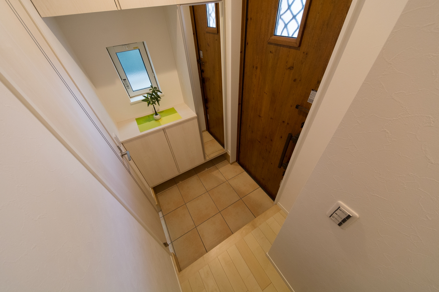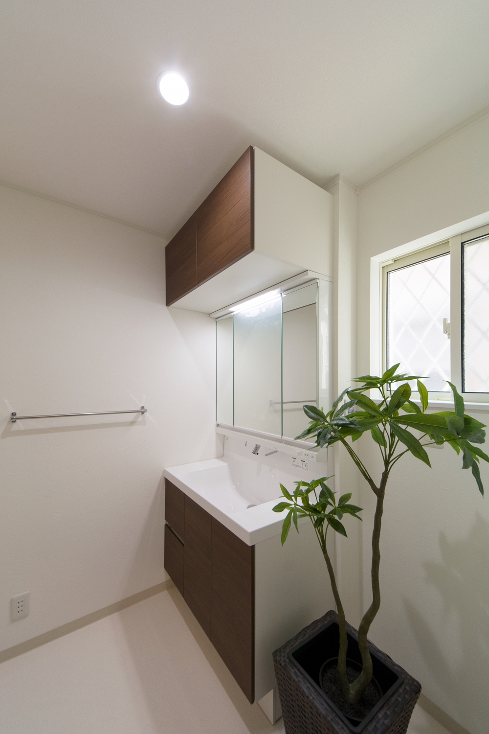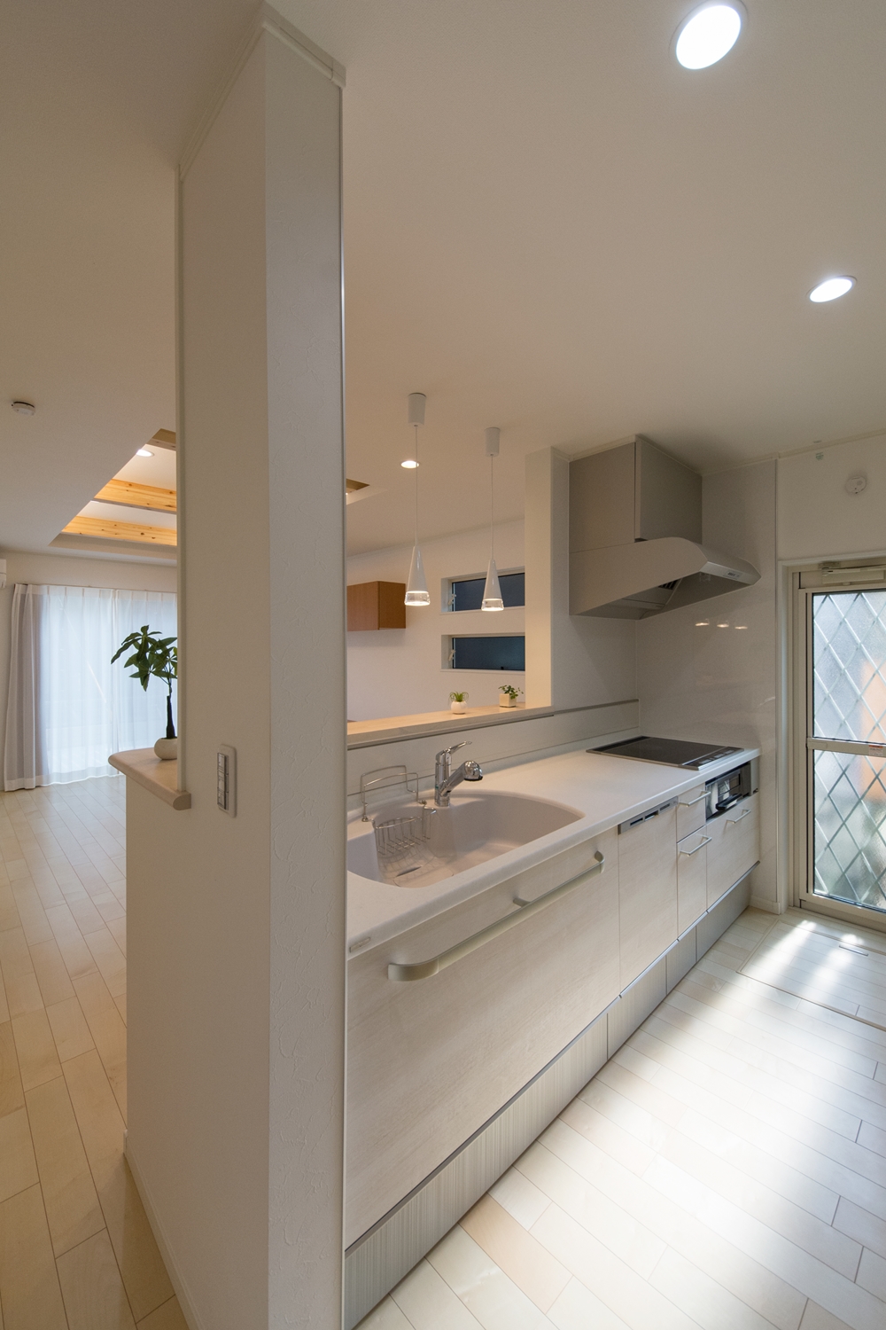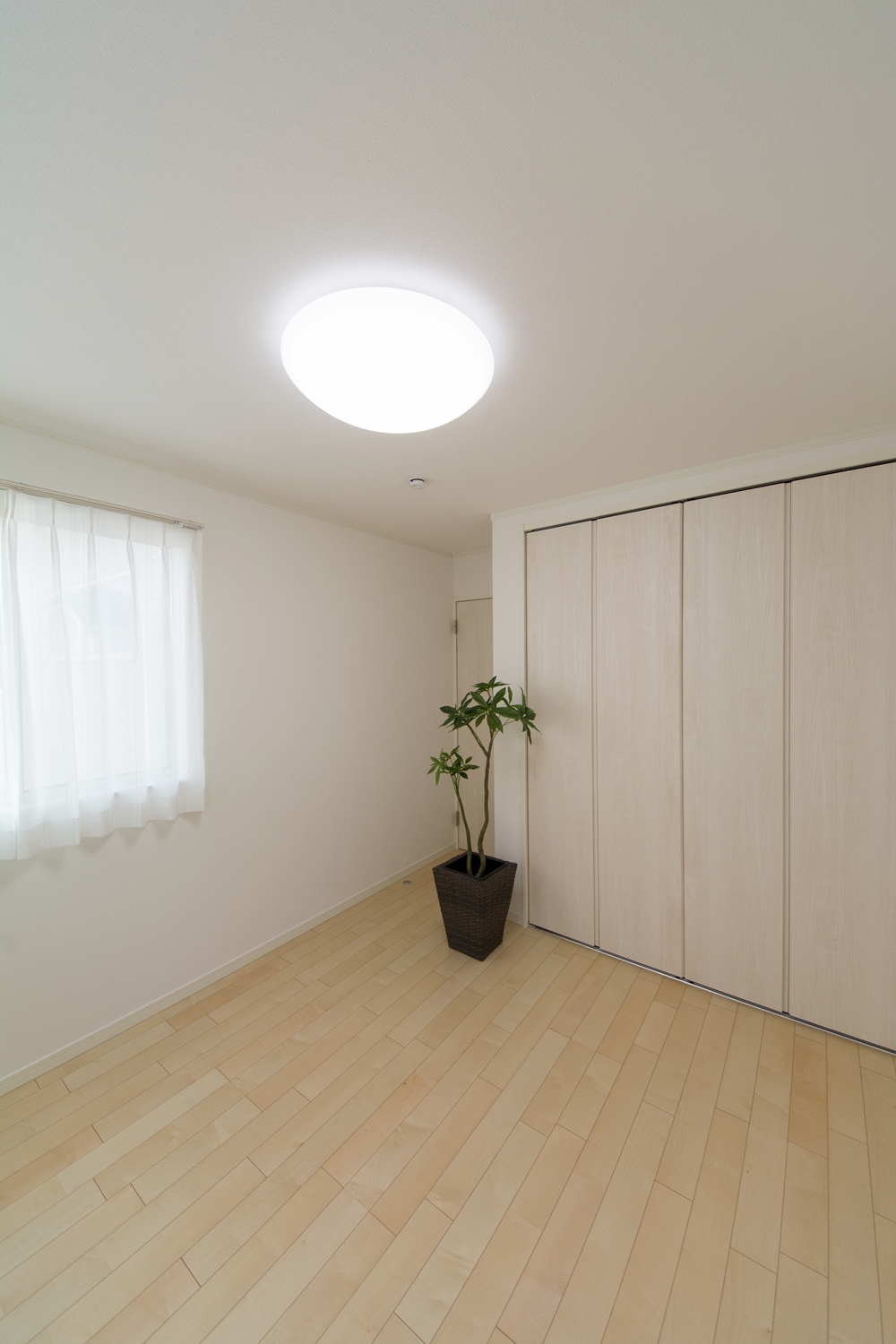 白い壁に、幸運の象徴「四葉クローバー」のオーナメントを施し、玄関周りをレンガ調サイディングでアクセントにした温かみのある可愛らしいデザインの外観。リビングには折り上げ天井を設え広々と開放的、家族がのびのびと幸せに過ごせる空間です。
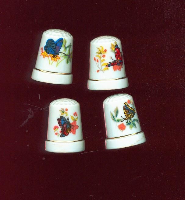 Set of 4 china butterfly thimbles. Decals of butterfly, flower, leaves on white thimble. Raised rim with gold line at top of rim. No marks.
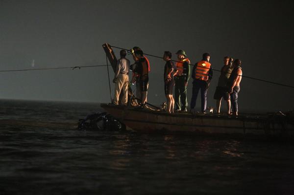 3. Các lực lượng chức năng đang triển khai các biện pháp xác định tìm vi trí chiếc xe bị rơi để trục vớt. Lực lượng CSGT đường thủy và Bộ Tư lệnh Thủ đô đã huy động nhiều tàu, thuyền chuyên dụng và của người dân tham gia tìm kiếm cứu hộ, cứu nạn.
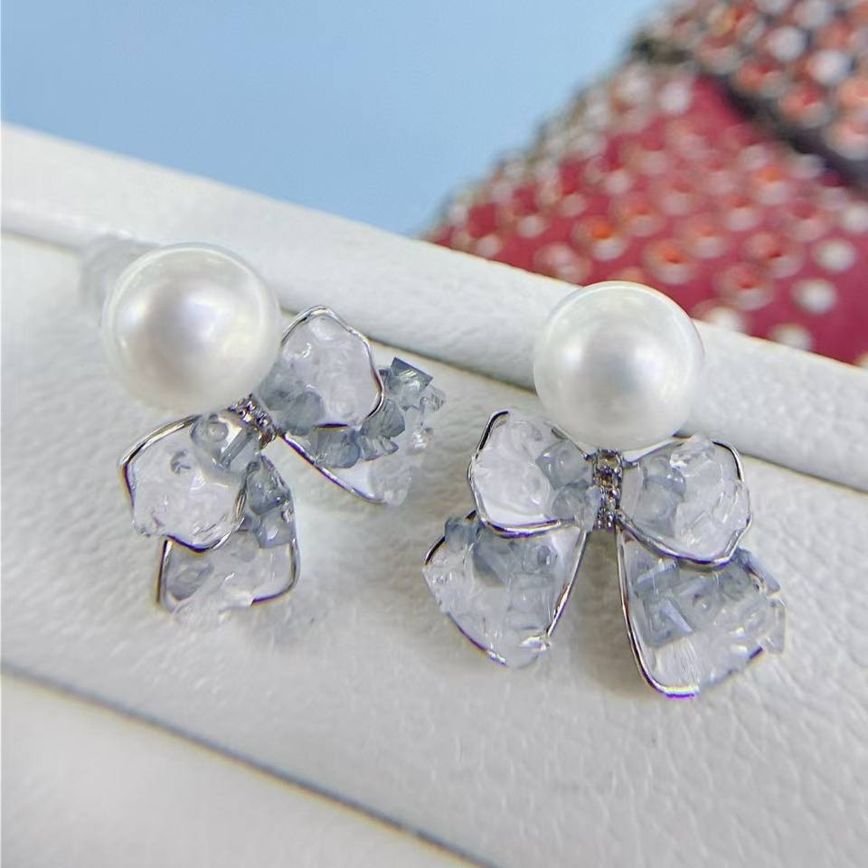 925 Silver Needle Korean Niche Design High-End Luxury Bow Earrings with Crystal Pearl Light Feel Temperament Pearl Earrings
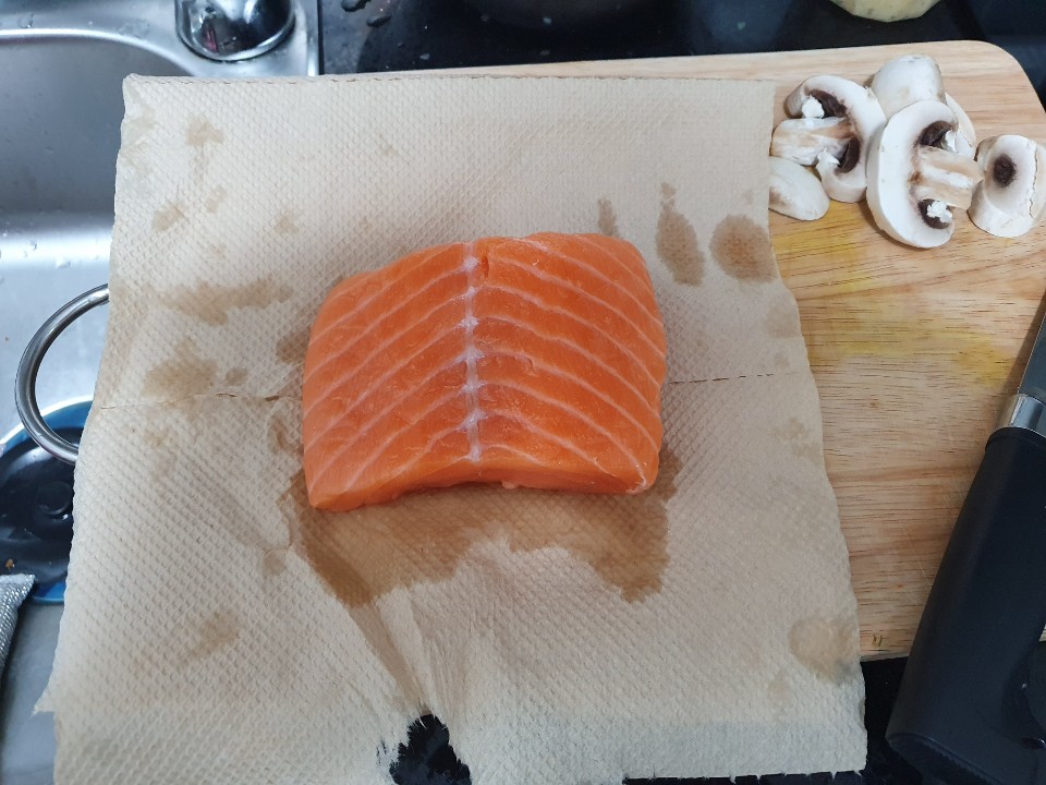 3. 준비된 연어를 키친타올로 물기를

Exercise details
Could you print the listing above word for word, without its pictures?

Exercise result
 白い壁に、幸運の象徴「四葉クローバー」のオーナメントを施し、玄関周りをレンガ調サイディングでアクセントにした温かみのある可愛らしいデザインの外観。リビングには折り上げ天井を設え広々と開放的、家族がのびのびと幸せに過ごせる空間です。
 Set of 4 china butterfly thimbles. Decals of butterfly, flower, leaves on white thimble. Raised rim with gold line at top of rim. No marks.
 3. Các lực lượng chức năng đang triển khai các biện pháp xác định tìm vi trí chiếc xe bị rơi để trục vớt. Lực lượng CSGT đường thủy và Bộ Tư lệnh Thủ đô đã huy động nhiều tàu, thuyền chuyên dụng và của người dân tham gia tìm kiếm cứu hộ, cứu nạn.
 925 Silver Needle Korean Niche Design High-End Luxury Bow Earrings with Crystal Pearl Light Feel Temperament Pearl Earrings
 3. 준비된 연어를 키친타올로 물기를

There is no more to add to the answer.